『太王四神記』でペ・ヨンジュンが扮した広開土大王(クァンゲトデワン)が国王だったのは391年から413年までであった。当時の詳細な資料をもとにロケ用の王宮が造られたという。それでも、工事中にただ実感したのは、「一つのドラマのためにここまで大規模に王宮を造ってしまう迫力」だった。

 一方、第二ロケ地のほうでは、砦、競技場、村里が再現されていた。高句麗は勇壮な騎馬軍団を抱えていたが、その根拠地となるのが砦であり、兵士たちが競い合ったのが競技場であった。

『太王四神記』の第二ロケ地に造られた施設(2006年12月/撮影キム・ジョンウォン)

 こうして完成した二つのロケ施設を最大限に生かして2007年に『太王四神記』は制作されて、韓国MBCでの放送時には30%以上の視聴率を挙げて大ヒットした。

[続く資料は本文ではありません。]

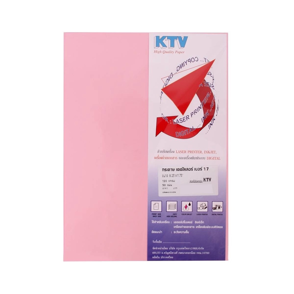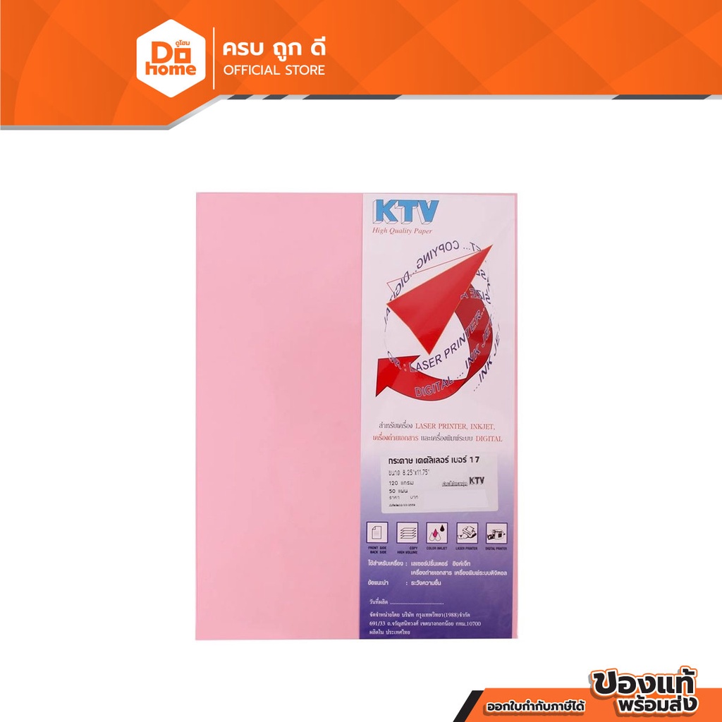 KTV กระดาษทำปก A4 120 แกรม 50 แผ่น เบอร์ 17 สีชมพู |ZWG|

「まさか『太王四神記』がペ・ヨンジュンの最後の主演作になるとは思わなかった」

 それが率直な感想だ。彼が俳優として劇的にカムバックする可能性はゼロではないが、現実的には「ほとんどないだろう」と思わざるをえない。

『太王四神記』以後も、多くの韓国ドラマが済州島でロケをしている。その記事を読むたびに「ロケに参加した俳優たちはアワビ粥を食べただろうか」と思ってしまう。ペ・ヨンジュンが愛したように、多くの俳優がアワビ粥を堪能してくれたらそれだけで嬉しい。